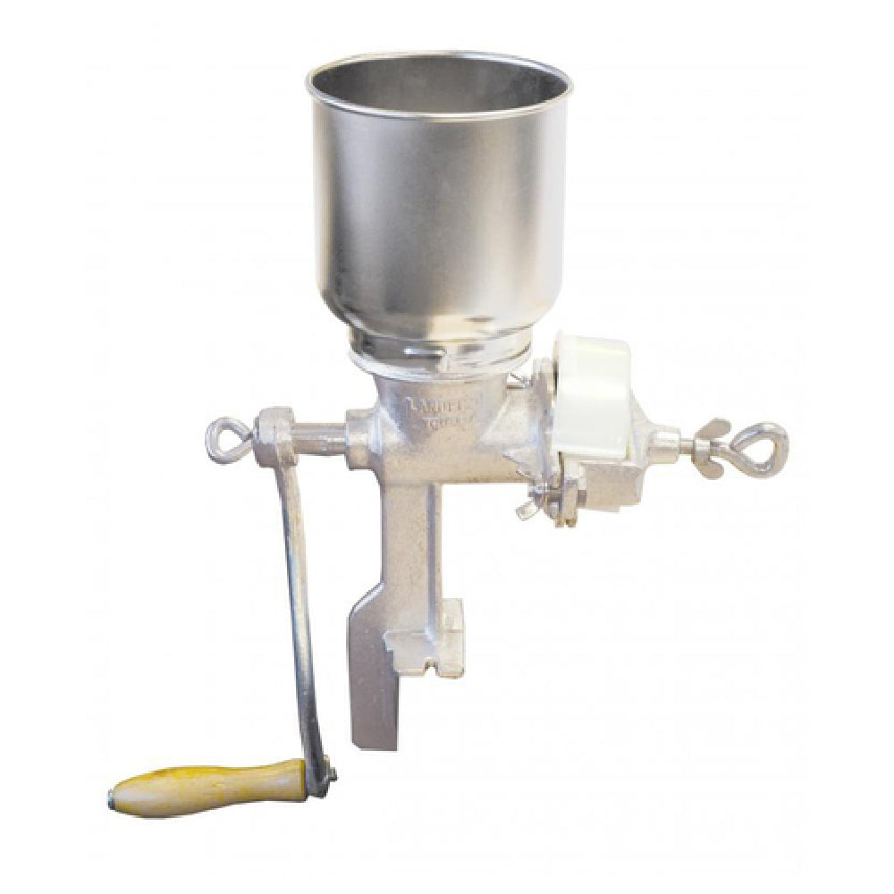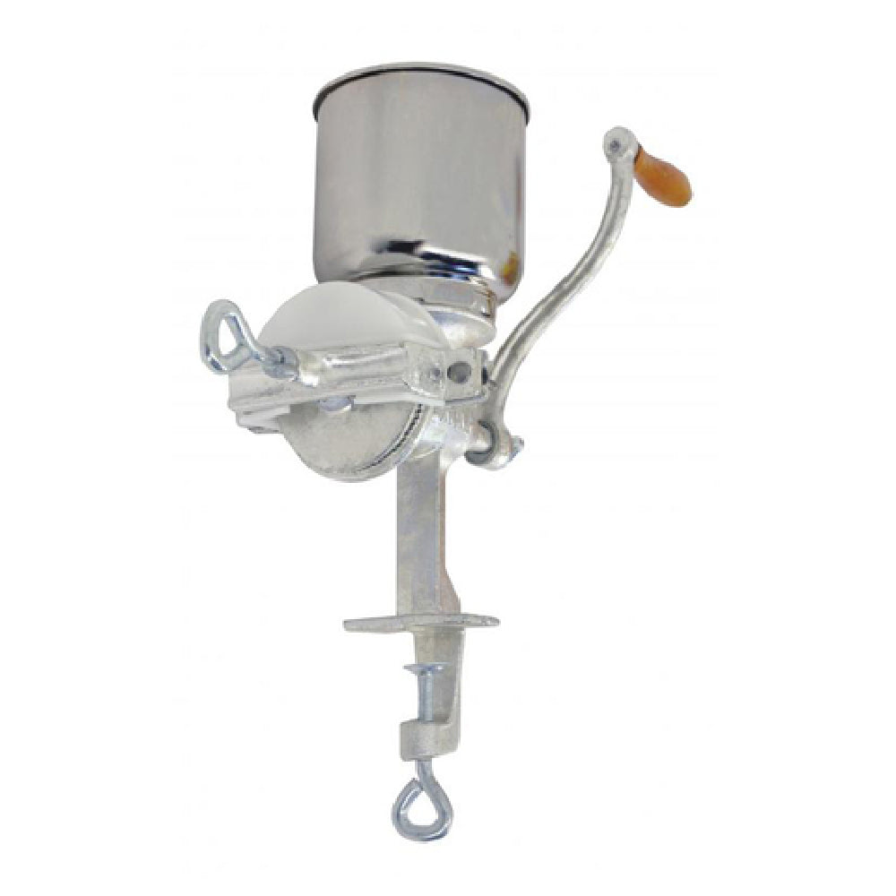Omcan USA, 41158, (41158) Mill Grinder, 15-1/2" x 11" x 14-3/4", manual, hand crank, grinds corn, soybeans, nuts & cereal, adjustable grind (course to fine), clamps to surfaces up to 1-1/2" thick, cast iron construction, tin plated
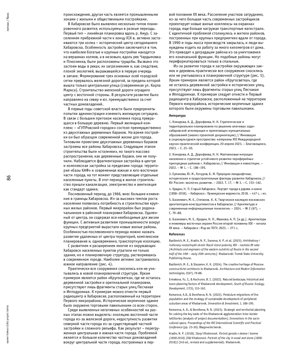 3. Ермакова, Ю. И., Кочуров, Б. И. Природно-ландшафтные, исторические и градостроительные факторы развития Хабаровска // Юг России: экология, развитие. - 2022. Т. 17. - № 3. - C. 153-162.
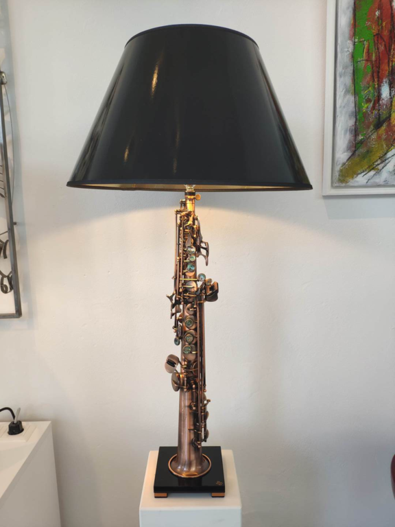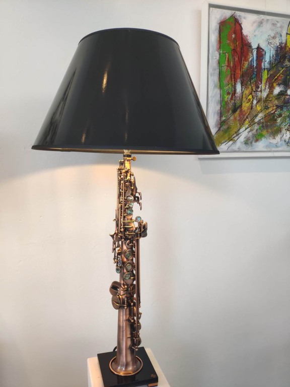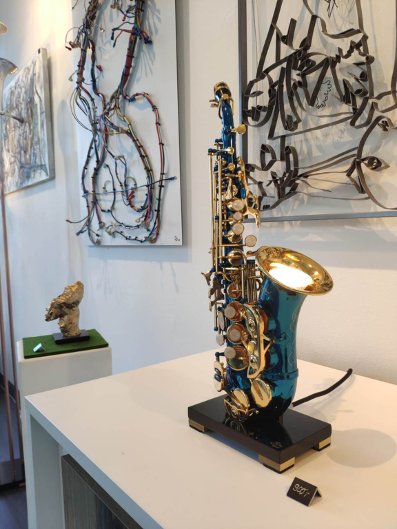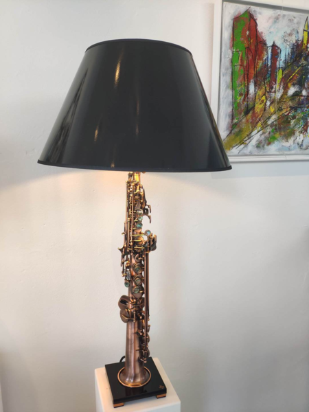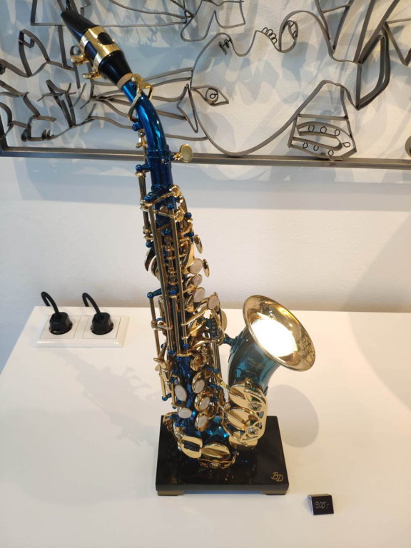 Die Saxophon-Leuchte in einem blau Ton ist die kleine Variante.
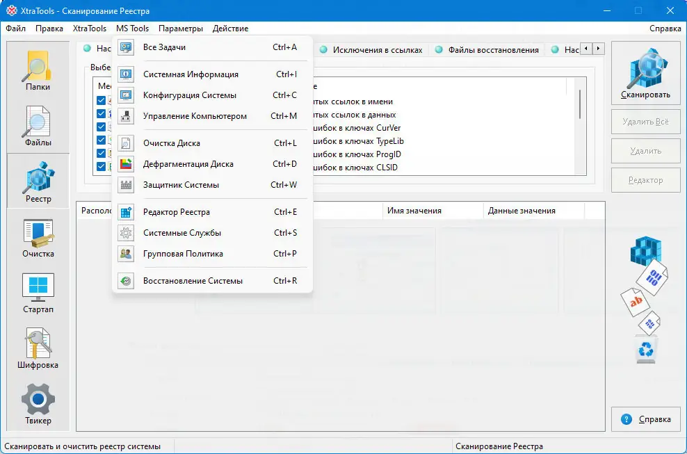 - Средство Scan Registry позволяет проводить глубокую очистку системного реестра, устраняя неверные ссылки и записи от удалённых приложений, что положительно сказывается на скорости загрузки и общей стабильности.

> _Instructions to follow_:
Write out exactly the lines from the line containing "3. Ермакова, Ю." through the last line of the listing above, please, and leave out any pictures.

> _Completed task_:
 3. Ермакова, Ю. И., Кочуров, Б. И. Природно-ландшафтные, исторические и градостроительные факторы развития Хабаровска // Юг России: экология, развитие. - 2022. Т. 17. - № 3. - C. 153-162.
 Die Saxophon-Leuchte in einem blau Ton ist die kleine Variante.
 - Средство Scan Registry позволяет проводить глубокую очистку системного реестра, устраняя неверные ссылки и записи от удалённых приложений, что положительно сказывается на скорости загрузки и общей стабильности.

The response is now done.